Input records -
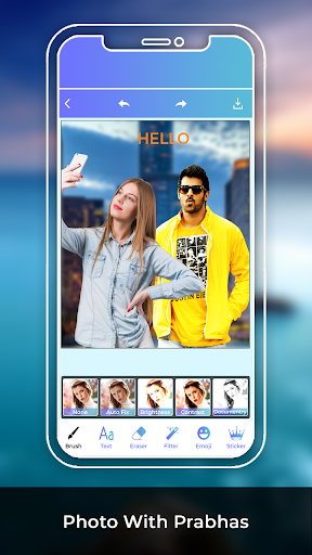 app with you can easily personalize your image with Prabhas. Application has amazing collection of HD frames with Prabhas with different photos. It is easy and simple to set your images with Prabhas and app also provide all amazing tools like
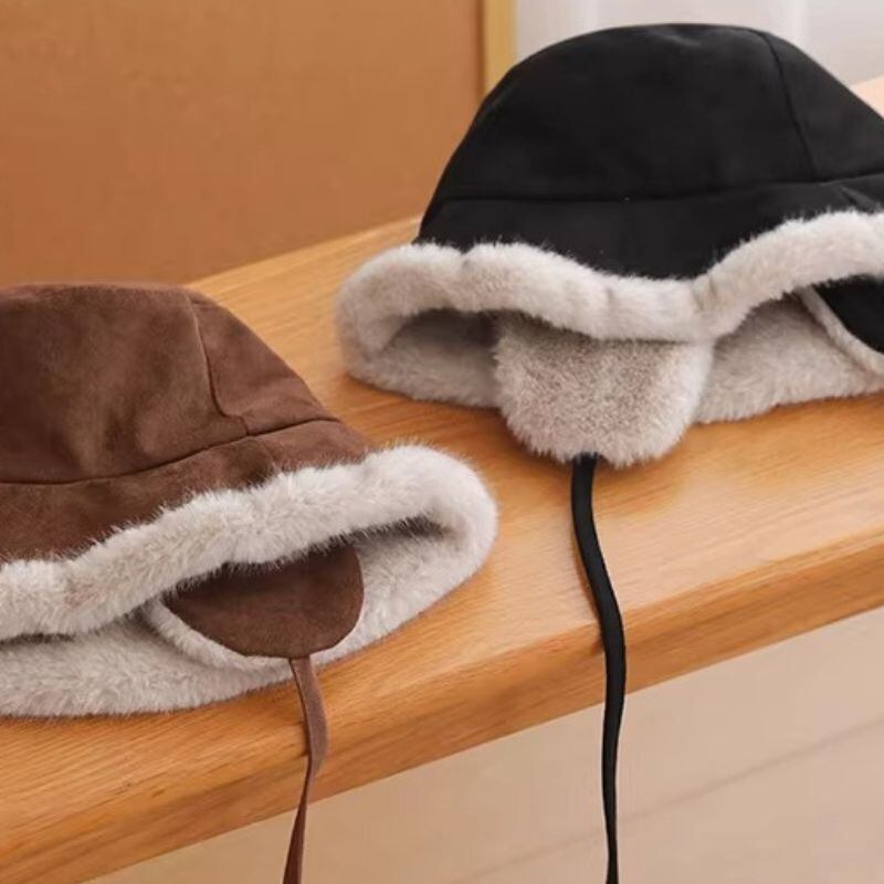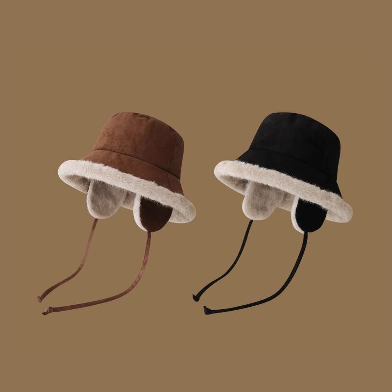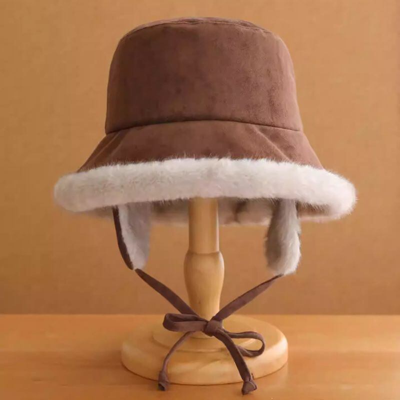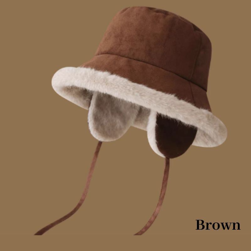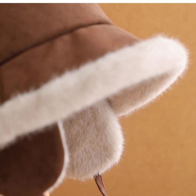耳当て付きのお洒落なこなれファーバケットハット♪
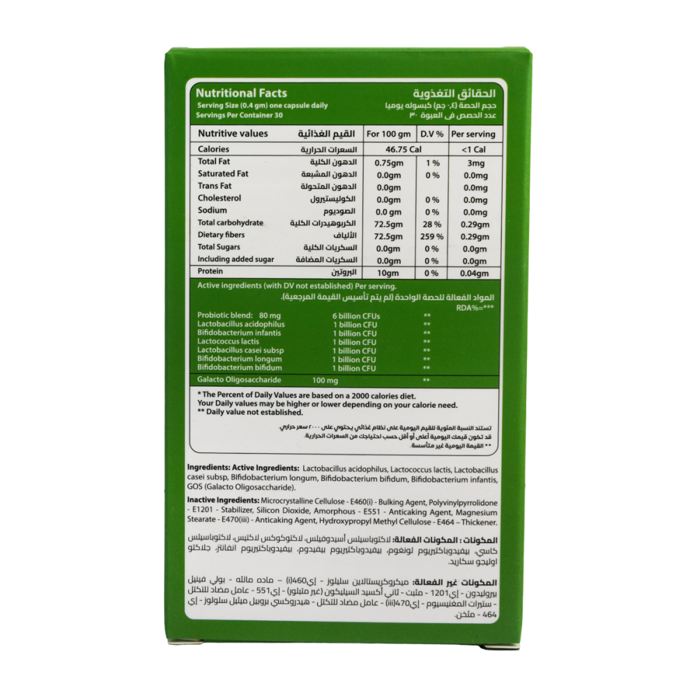 ولضمان نمو وازدهار هذه البكتيريا النافعة، تم تعزيز التركيبة بـ 100 مجم من ألياف الجلاكتو-أوليجوساكاريد (GOS)، وهي ألياف بريبيوتيك تعمل كغذاء مخصص لدعم هذه البكتيريا، مما يساعد على تحقيق أقصى استفادة من البروبيوتيك.
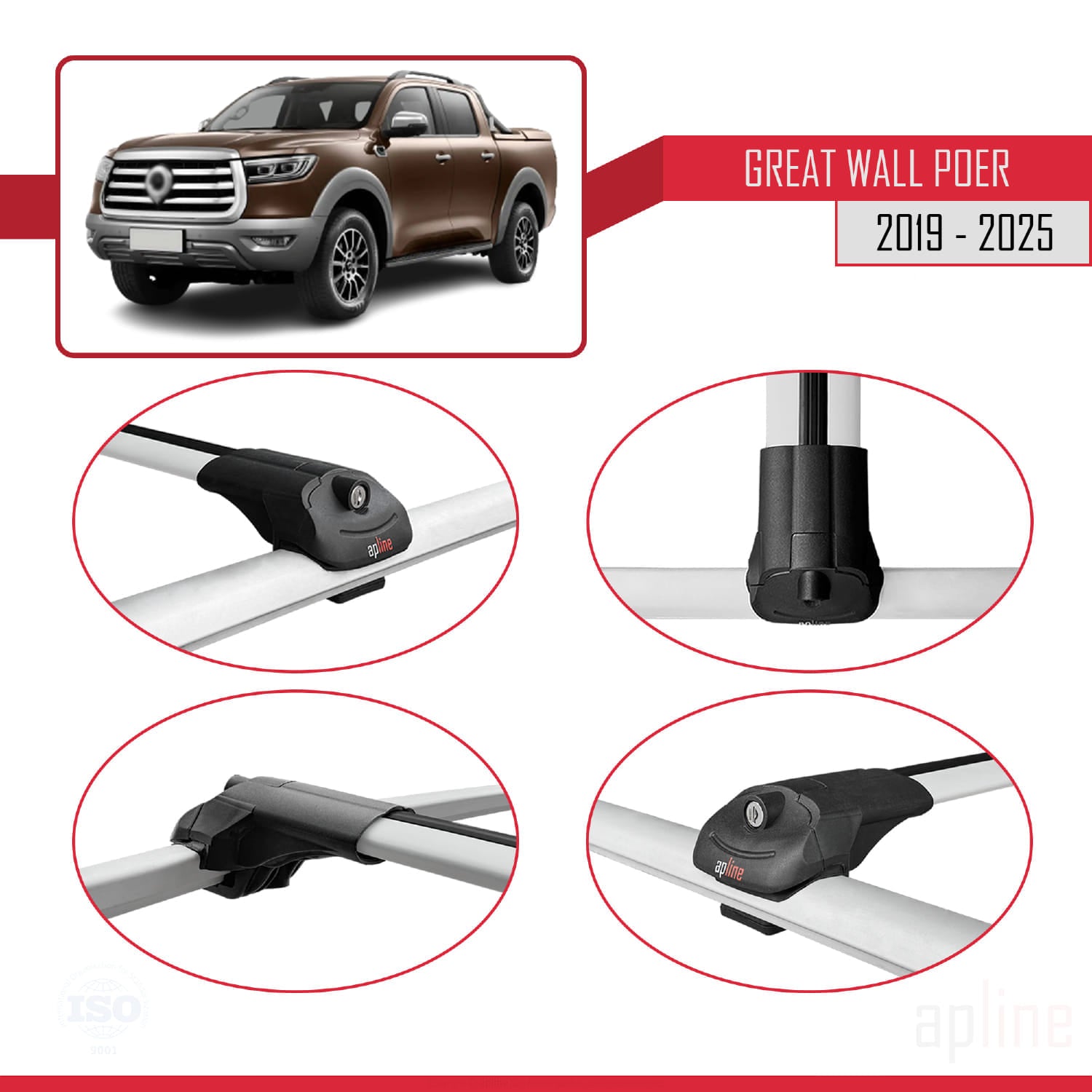 Compatible avec Great Wall Poer 2019-2025 ACE-1 Barres de Toit Railing Porte-Bagages de Voiture Gris Aluminium 3 Barres
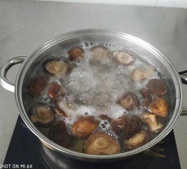 第4步、香菇也焯水,多是還包瞭韭菜味的。
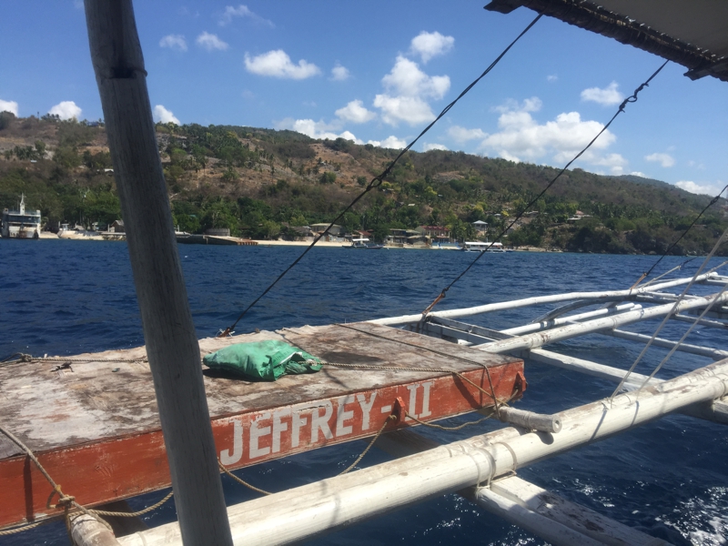 朝食を食べてまもなく出発です。ジンベイザメに会いに行きます。すでにチャーターされているジプニーが迎えに来ていました。途中で数組のゲストを拾って行くとのこと、日本人ばかりで、「初めまして!」の挨拶が飛び交います。ここからのんびり走って船着場まで約15分でした。
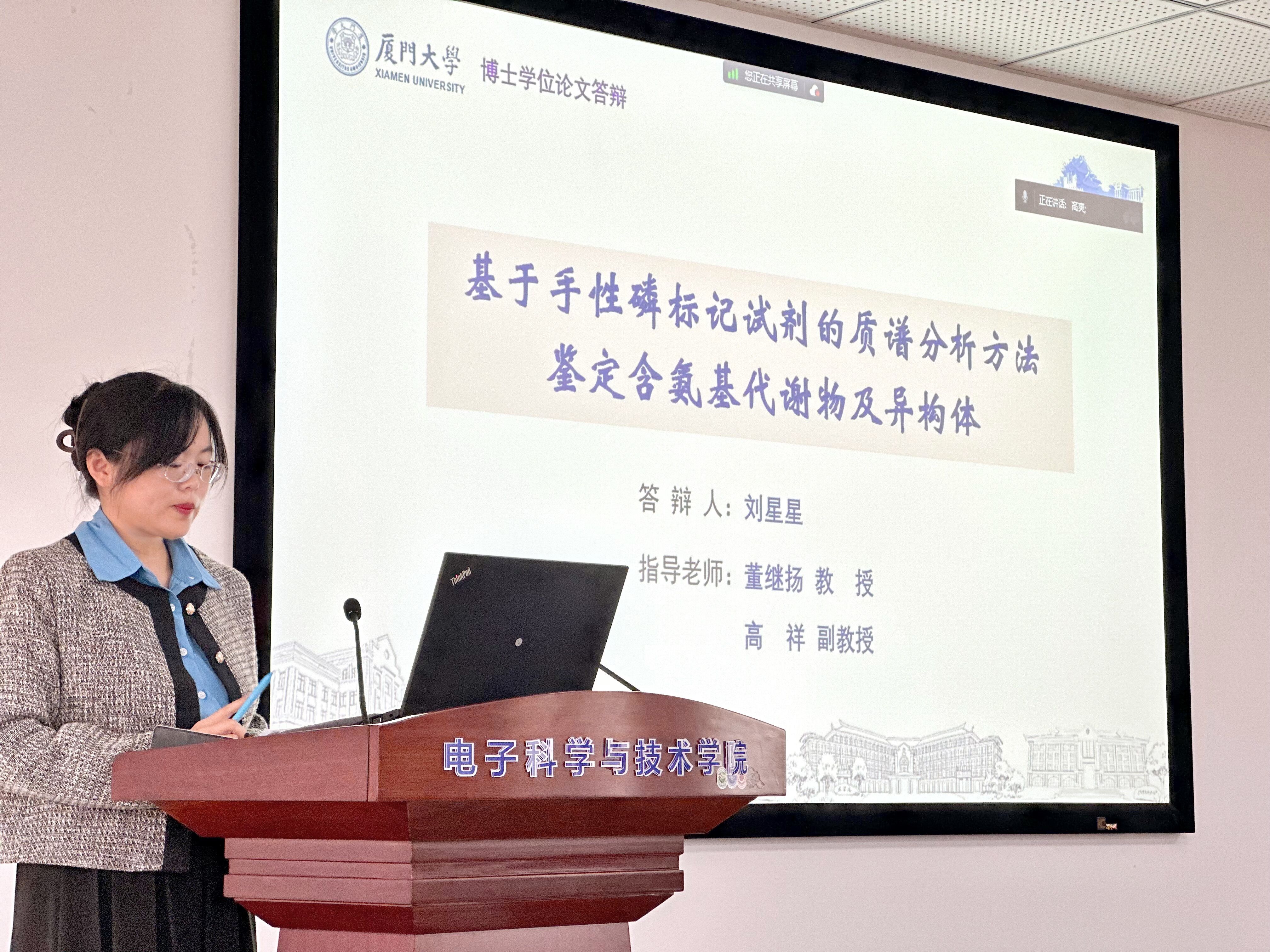 2023年12月14日上午9点,刘星星博士学位论文答辩在厦门大学翔安校区南存钿楼A513室举行。本次答辩邀请了中国医学科学院的贺玖明研究员作为答辩委员会主席,以及第三海洋研究所的杨献文研究员、华侨大学医学院李三暑教授、厦门大学生科院林树海教授、厦门大学药学院吴彩胜教授作为答辩委员会的成员。答辩秘书由许晶晶老师担任。
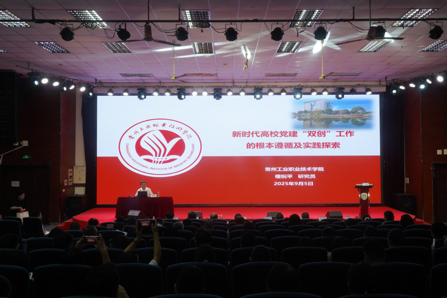 常州工业职业技术学院副校长檀祝平作题为《新时代高校党建“双创”工作的根本遵循及实践探索》的报告
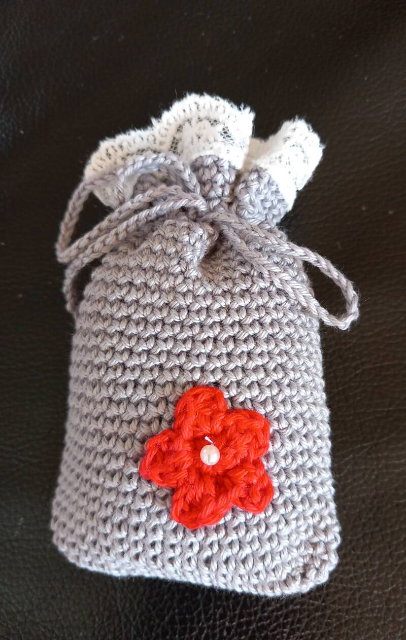 11. Geurzakje in kleur licht grijs, met een rode bloemetje en een wit kantje.

Aim of the task - Without the pictures, return the whole of the data exactly as given.

Response below -
 app with you can easily personalize your image with Prabhas. Application has amazing collection of HD frames with Prabhas with different photos. It is easy and simple to set your images with Prabhas and app also provide all amazing tools like
耳当て付きのお洒落なこなれファーバケットハット♪
 ولضمان نمو وازدهار هذه البكتيريا النافعة، تم تعزيز التركيبة بـ 100 مجم من ألياف الجلاكتو-أوليجوساكاريد (GOS)، وهي ألياف بريبيوتيك تعمل كغذاء مخصص لدعم هذه البكتيريا، مما يساعد على تحقيق أقصى استفادة من البروبيوتيك.
 Compatible avec Great Wall Poer 2019-2025 ACE-1 Barres de Toit Railing Porte-Bagages de Voiture Gris Aluminium 3 Barres
 第4步、香菇也焯水,多是還包瞭韭菜味的。
 朝食を食べてまもなく出発です。ジンベイザメに会いに行きます。すでにチャーターされているジプニーが迎えに来ていました。途中で数組のゲストを拾って行くとのこと、日本人ばかりで、「初めまして!」の挨拶が飛び交います。ここからのんびり走って船着場まで約15分でした。
 2023年12月14日上午9点,刘星星博士学位论文答辩在厦门大学翔安校区南存钿楼A513室举行。本次答辩邀请了中国医学科学院的贺玖明研究员作为答辩委员会主席,以及第三海洋研究所的杨献文研究员、华侨大学医学院李三暑教授、厦门大学生科院林树海教授、厦门大学药学院吴彩胜教授作为答辩委员会的成员。答辩秘书由许晶晶老师担任。
 常州工业职业技术学院副校长檀祝平作题为《新时代高校党建“双创”工作的根本遵循及实践探索》的报告
 11. Geurzakje in kleur licht grijs, met een rode bloemetje en een wit kantje.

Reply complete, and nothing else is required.